I remember watching The Jetsons as a child and desperately wanting Rosey the Robot to clean my room. I had high hopes that my adult commute would be as easy as George Jetson’s flight to work. Although we don’t have jetpacks yet, we do somewhat live the Jetsons’ dream. We carry computers in our pockets. We have smart thermostats and appliances. Increasingly, we can control our lives with our voices or a touch of a button. This is exactly what Amazon’s new Echo promises.

Echo is a voice-activated cylindrical speaker by which users can play music, request information, turn on lights and even reorder toilet paper from Amazon without lifting a finger. The Echo speaker works by calling it by name (“Wake, Alexa”) and asking it a question or giving it a command. Echo learns your speech patterns and vocabulary. It’s not just a voice-activated speaker; it’s adaptive.

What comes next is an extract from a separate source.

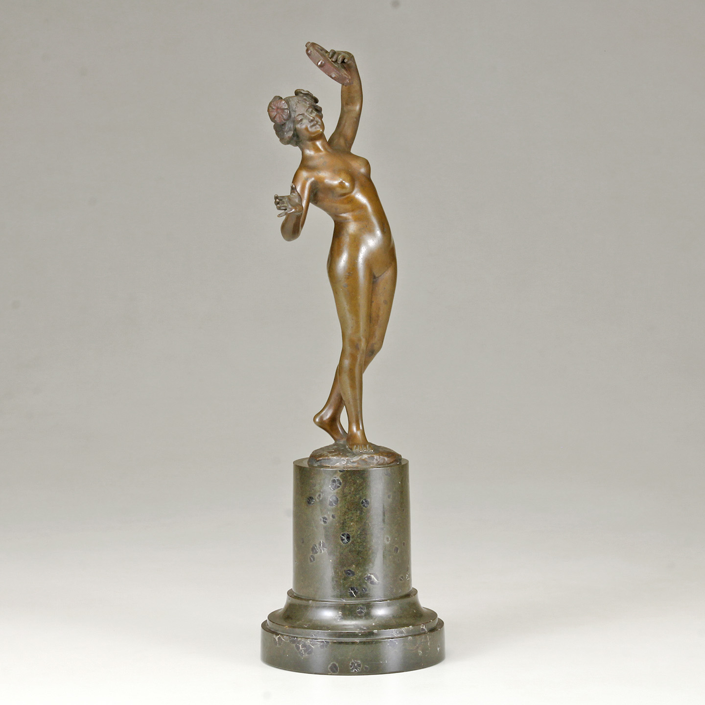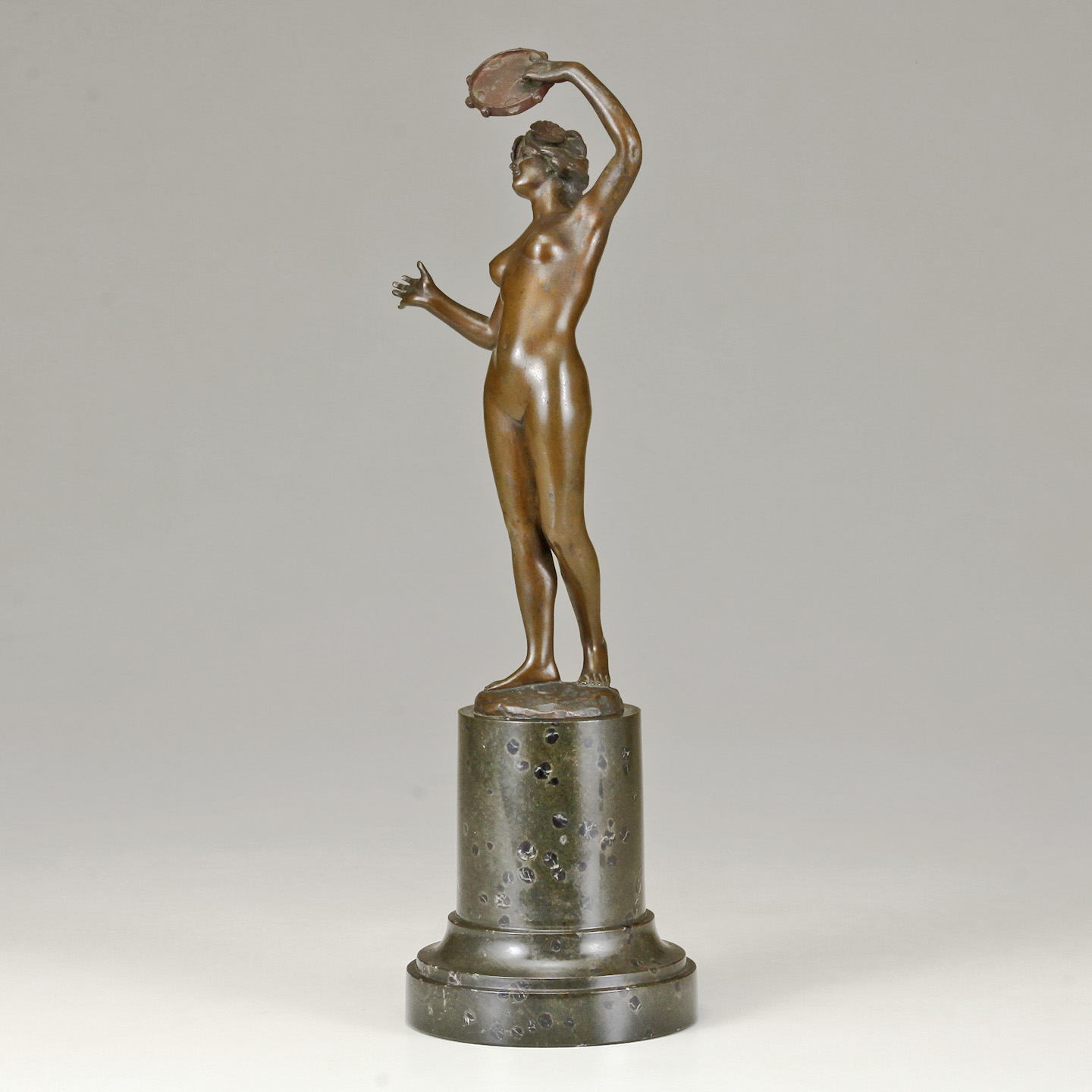 Modeled as a young girl with flowers in her hair with out stretched hands beholding a tambourine.

Like all technology, Echo is neither morally good nor evil, it simply is a tool. So the question for Christians isn’t only what needs would Echo serve (a question that is more about efficiency than worship), but also: how does it shape one’s sensibilities? Does this technology enable me to love God and others well, or does it distract me from that?

Is ease the point? Is efficiency the point?

Studies have shown that for all our technological connection, we are increasingly disconnected people. The New York Times blames the growing “assault on empathy” on increased technology. Although we’re highly connected on Facebook and tweet our thoughts to thousands of followers, we privilege our phones over the people in front of us. Perhaps to distract us from this, we personalize our technology. For instance, Echo has taken on the personality of Alexa, like Apple’s Siri. Reviews on Amazon call the device “her,” as in, “I love her.” We have, as Wendell Berry wrote, “replac[ed] people by technology.”

But empathy and human connection aren't the only things that stand to be lost through the automatic acquiring of technology. When we make our choices about technology — whether they involve the Apple Watch, binge-watching Netflix or buying an Amazon Echo — based on an appeal to our felt needs and efficiency, we miss the point. C. S. Lewis wrote in The Four Loves that “to love at all is to be vulnerable. Love anything and your heart will be wrung and possibly broken.” He continued, tongue-in-cheek: “If you want to make sure of keeping it intact you must give it to no one, not even an animal. Wrap it carefully round with hobbies and little luxuries; avoid all entanglements.”

Technology can be one of these little luxuries. It is Rosey the Robot, who tidies and removes us from the labor of cleaning. It is the Echo speaker, which answers our questions, writes notes on our to-do list and plays our music. An Echo can undoubtedly make life easier. But, is ease the point? Is efficiency the point? Or, is life perhaps more about love, as Lewis notes? Bringing the Echo speaker into your home may, in fact, free up your time to love your family and neighbors well. Or, it may just be another shiny distraction from real life. It’s up to you.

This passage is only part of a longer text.